TASK BRIEF. Whatever pictures appear, omit them, and repeat the data below exactly.

MATERIAL PROVIDED.
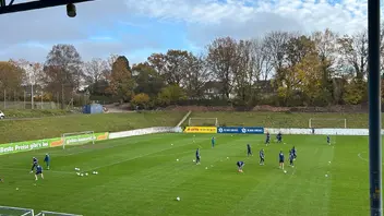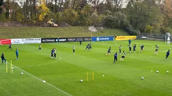 Viertel nach 2. Alois Schwartz leitet das Training. Der Pöbel ist auf dem Weg ins Krankenhaus. Schleudertrauma vom vielen Kopfschütteln
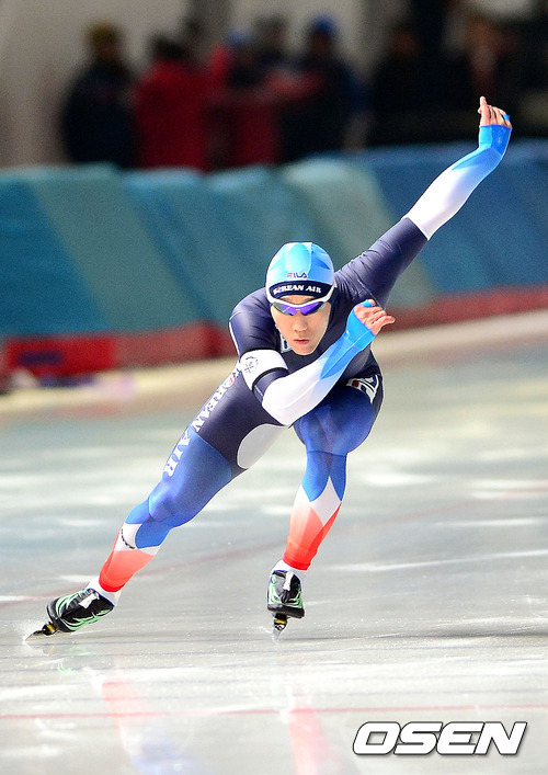 23일 태릉 국제스케이트장에서 열린 'KB금융 스피드스케이팅 챔피언십 2012' 남자부 500M 경기에서 모태범이 역주하고 있다.
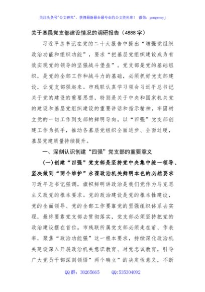 / 关于基层党支部建设情况的调研报告
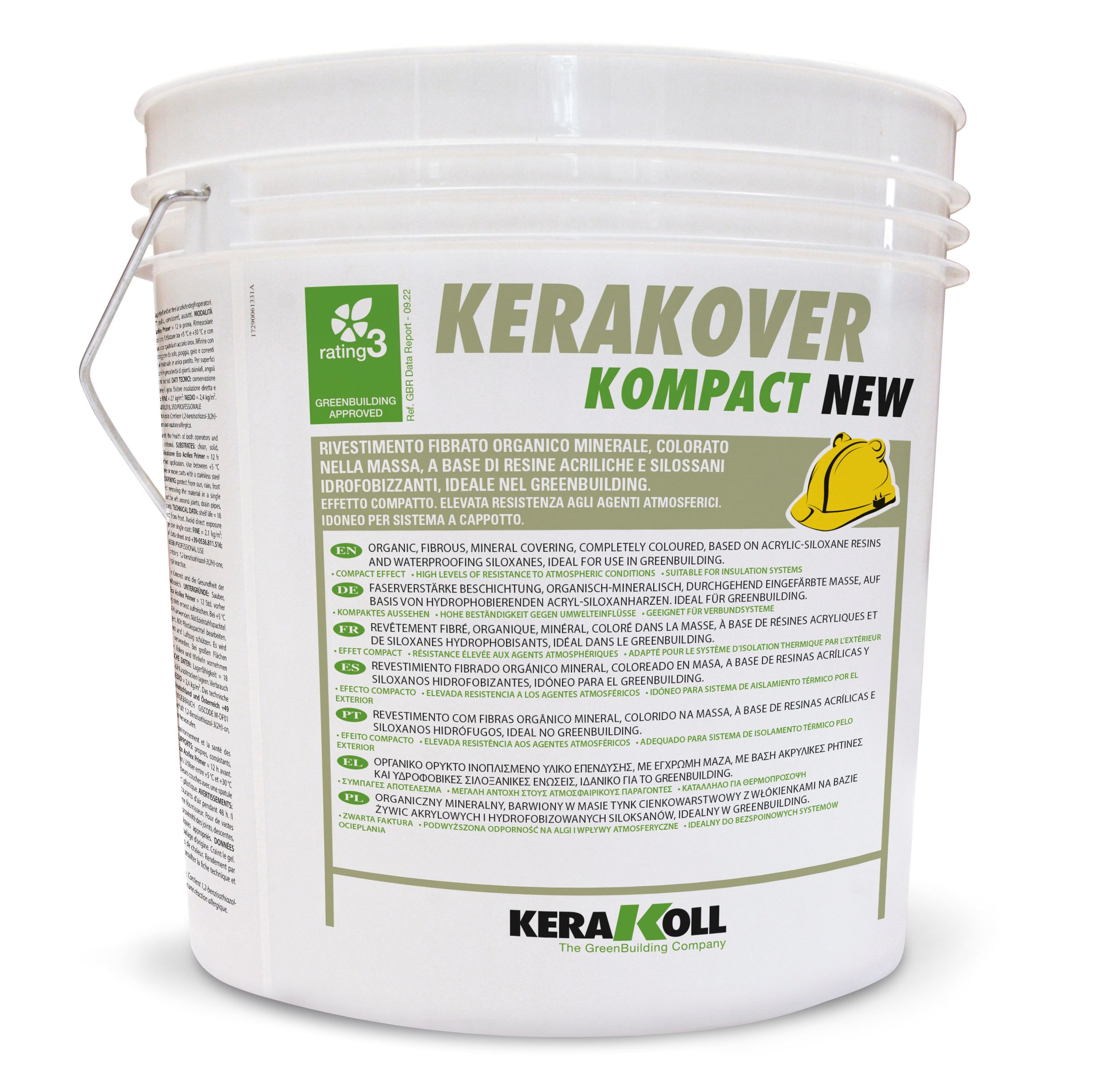 Kerakover Kompact New is a mass-colored, mineral organic fibered coating formulated with water-based acrylic resins and hydrophobic siloxanes. Available in extrafine, fine, and medium granulometries, it provides a thick, highly elastic decorative layer with a closed-surface, compact effect.
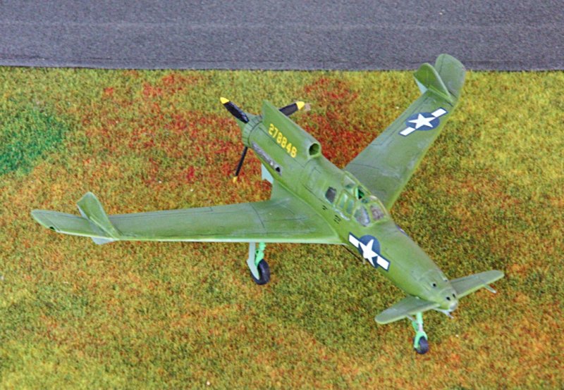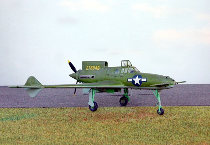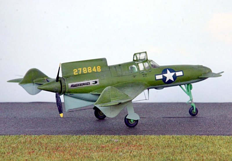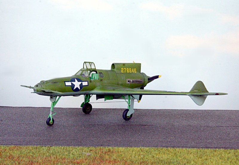 Es handelt sich bei dem Modell um die letzte Ausführung der XP-55 mit vergrößerter Flügelspannweite.
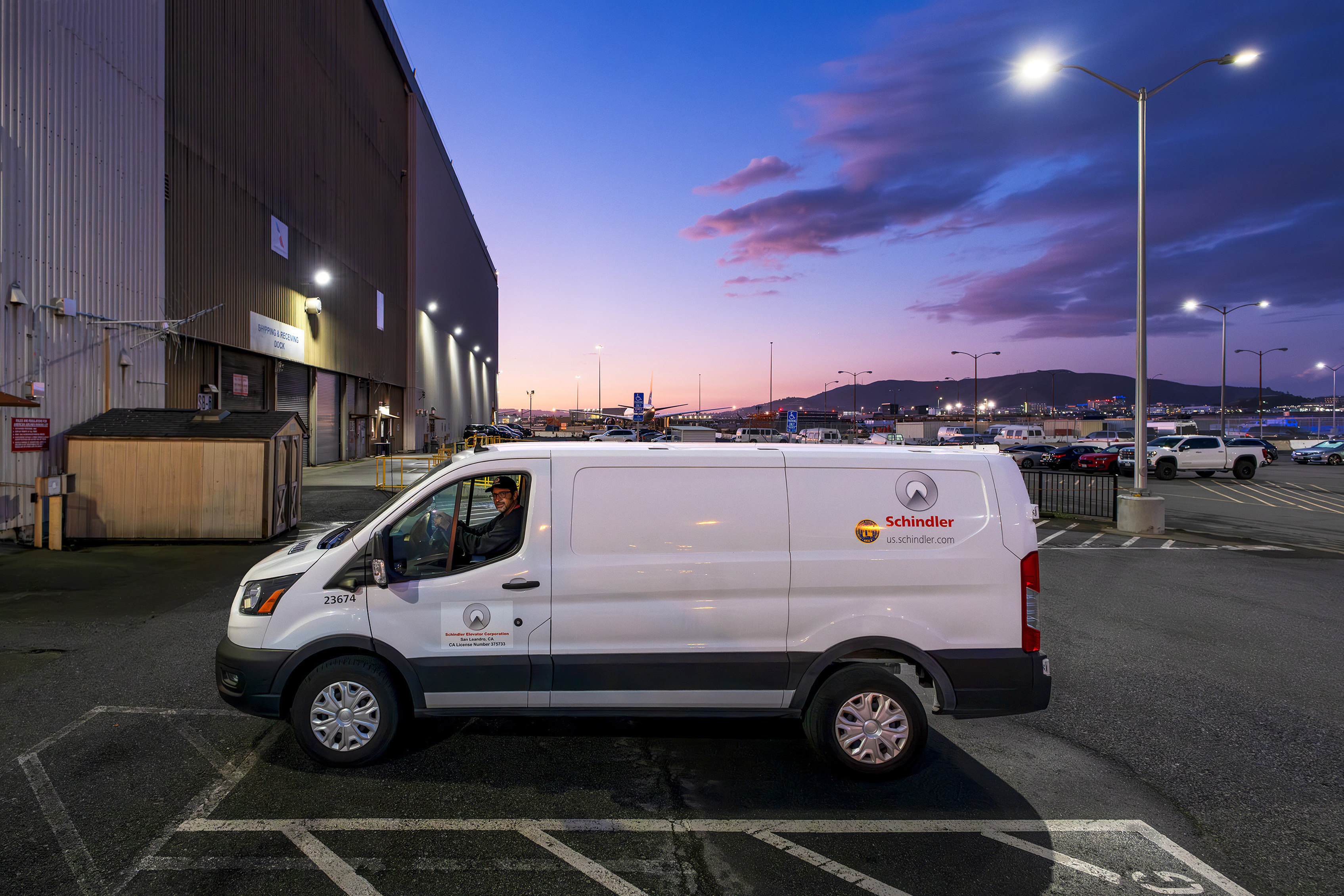 George Ortiz has just finished servicing an elevator in Parking Garage B, and is now back in his electric van, heading to the United Airlines hangar to take care of a freight elevator. Overhead, a jet roars in for landing, but he doesn’t flinch – it’s the soundtrack to his work.

SOLUTION FOR THIS PROBLEM.
 Viertel nach 2. Alois Schwartz leitet das Training. Der Pöbel ist auf dem Weg ins Krankenhaus. Schleudertrauma vom vielen Kopfschütteln
 23일 태릉 국제스케이트장에서 열린 'KB금융 스피드스케이팅 챔피언십 2012' 남자부 500M 경기에서 모태범이 역주하고 있다.
 / 关于基层党支部建设情况的调研报告
 Kerakover Kompact New is a mass-colored, mineral organic fibered coating formulated with water-based acrylic resins and hydrophobic siloxanes. Available in extrafine, fine, and medium granulometries, it provides a thick, highly elastic decorative layer with a closed-surface, compact effect.
 Es handelt sich bei dem Modell um die letzte Ausführung der XP-55 mit vergrößerter Flügelspannweite.
 George Ortiz has just finished servicing an elevator in Parking Garage B, and is now back in his electric van, heading to the United Airlines hangar to take care of a freight elevator. Overhead, a jet roars in for landing, but he doesn’t flinch – it’s the soundtrack to his work.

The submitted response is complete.